Hinamori wasn't quite sure either, of what amazes her the most about the Barbie, the fact that it still managed to survive all the torment it has obviously been put through, or the fact that it didn't seem to mind at all and still looked incredibly pretty as ever.

"Ya-chi-ru!"

Hinamori let her voice bounce and rebound around the house, throughout corridors, ceilings, and rooms, searching for that pink haired jump ball.

"Ya-chi-ru!"

Still no answer.

Fine. Ms.Killer-Barbie-Samurai-Doll will get returned to her rightful place. For the last time.

And she picked the strange doll up and walked straight to her sister's room upstairs, ascending two flights of stairs with ease and taking a left turn once she reached the second floor, bringing herself into one long and narrow corridor found mostly only aboard Japanese houses. She halted on the 2nd wooden door she found. Ignoring several out-of-the-place-posters of barbies, ninjas, pokemons, assasins, and bratz punched into the surface of the door, Hinamori turned the knob and pushed inside.

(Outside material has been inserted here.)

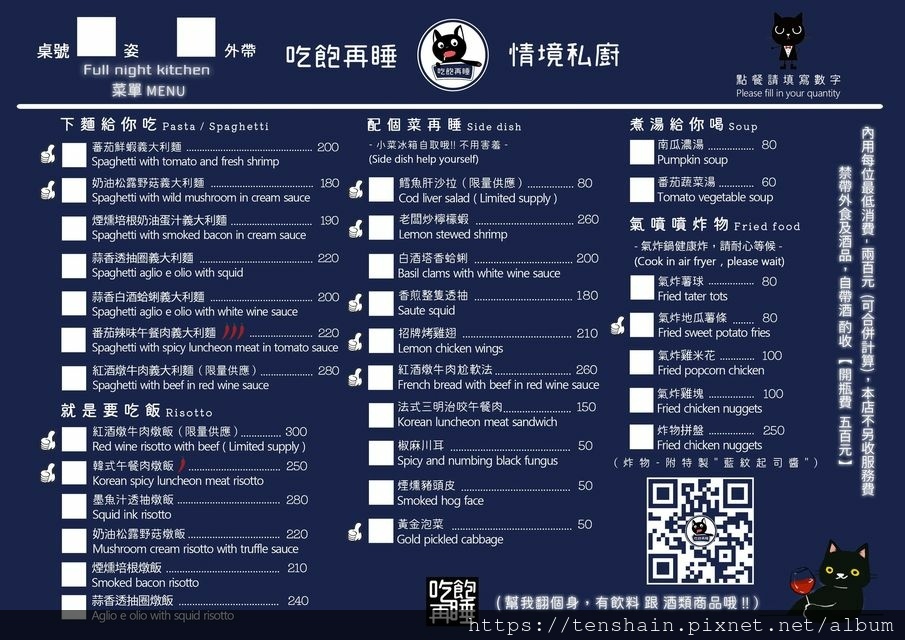 第一次來訪是怕「半夜餓醒絕不好受,吃飽再睡才是王道」,這次再訪進化到「吃飽再睡,好夢相隨」,兩次造訪「吃飽再睡 情境私廚」,都讓我們感到非常滿意!如果你常會錯過正常用餐時間,或是九點過後,還想找一家有美食、有美酒的餐酒館來慰勞自己,別忘了,就在三重三和夜市旁邊,有一家深夜食堂的義式餐廳,老闆已準備好美味道地的義大利麵和燉飯,等著溫暖你寂寞的胃!

The room itself was similar with the posters on the door she just went through. It looked like a crossbreed between a little princess' kingdom, with those flying unicorns and drapes of see-through burgundy colored fabric above the bed, with a military squadron, complete with a mini machine gun a few prized artilleries at the corner, including a few wooden katanas and several wooden ninja shurikens at hand. The perfect combination ordinary mothers would never concoct or recommend their daughters to have.

But Yachiru was her sister. No matter how unspeakable her room is, or how unexplainable her liking for barbies and assassins at the very same time, she was still her sister. And will stay that way for all eternity.

Hinamori put the doll on her sister's bed, next to her other half ninja-half princess cronies.

"You're not having dinner, Momo?"

Her mother's voice from the dining room downstairs suddenly alerted her back.

"I'm not hungry, Mom."

She yelled back as she exited the room and stormed down he stairs. Once she landed on the first floor she felt the gentle touch of her mother's palm on her backbone.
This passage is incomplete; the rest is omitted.